Peter Jude Zoccolillo (born February 6, 1977) is a former professional baseball outfielder. He played part of the 2003 season in Major League Baseball for the Milwaukee Brewers.

Career
He played college baseball at Rutgers University where he was three times All-Big East First Team. He graduated with a degree in communications and a minor in psychology. He was drafted by the Chicago Cubs in the 23rd round of the 1999 amateur draft. At the trade deadline in 2001, the Cubs traded him and Rubén Quevedo to the Brewers for David Weathers and a minor leaguer. 

Zoccolillo made his Major League debut on September 5, 2003 at Miller Park. He recorded his first Major League hit on September 9 against Tim Redding of the Houston Astros. Following the season, the Texas Rangers selected him from the Brewers in the minor league phase of the Rule 5 draft.

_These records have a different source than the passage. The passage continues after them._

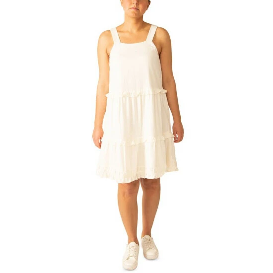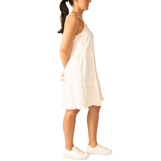 Tiered ruffles lend endless beauty to this petite shift dress from Black Tape, a sleeveless pick complete with a square neckline.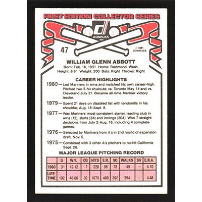 This is a 1981 Donruss Glenn Abbott baseball card. The card is #47 and pictures show condition.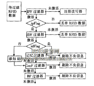 a)通過(guò)IPF過(guò)濾器,如果IPF過(guò)濾器未被激活,表示此讀寫(xiě)器未注冊(cè),即在黑/白名單中都不存在;如果IPF過(guò)濾器被激活,則根據(jù)ipFlag標(biāo)志決定其后的處理方法。若ipFlag為假,則表明該閱讀器處于黑名單過(guò)濾器中,過(guò)濾器被屏蔽,此待過(guò)濾RFID數(shù)據(jù)被丟棄;若ipFlag為真,系統(tǒng)將試圖激活I(lǐng)DF過(guò)濾器。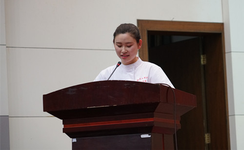 护理学134班倪春晓同学作为被授帽的护生代表发言。在将来成为护士之后的每一天,“都要不断地重复着单调的工作,放弃阖家团聚的日子坚守在岗位,舍弃花前月下的浪漫去照顾病人,还要不怕脏、不怕累,在夜深人静时巡视于病房,冲在拯救生命的一线,奋战到天明”。倪春晓代表201位2013级护生表示:“作为南丁·格尔的后人,对病患最大的支持是我们心底最深的爱,它远大于那些冰冷的治疗仪器”;她号召,“同学们,让我们以一颗同情的心和一双勤奋的手,从清晨第一缕阳光开始,从清晨的第一个微笑开始,以真心、爱心、责任心,温暖病房,驱赶病痛,服务患者,成就自己”。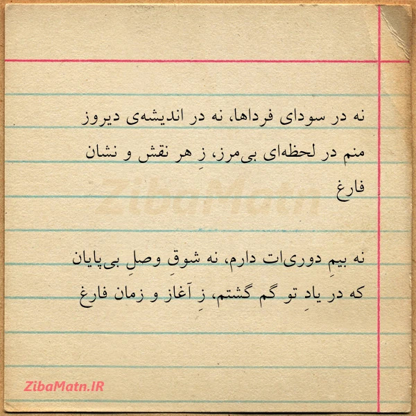 نه بیمِ دوری‌ات دارم، نه شوقِ وصلِ بی‌پایان

After spending the 2005 season in the minors with the St. Louis Cardinals, he signed a contract with the Colorado Rockies. After playing with Italy at the 2006 World Baseball Classic, however, he decided to retire from professional baseball.

Personal life
Zoccolillo's father, Al, coached the Iona Gaels baseball team. His mother, Terry, was a teacher. He met his wife, Denise, before his final year at Rutgers.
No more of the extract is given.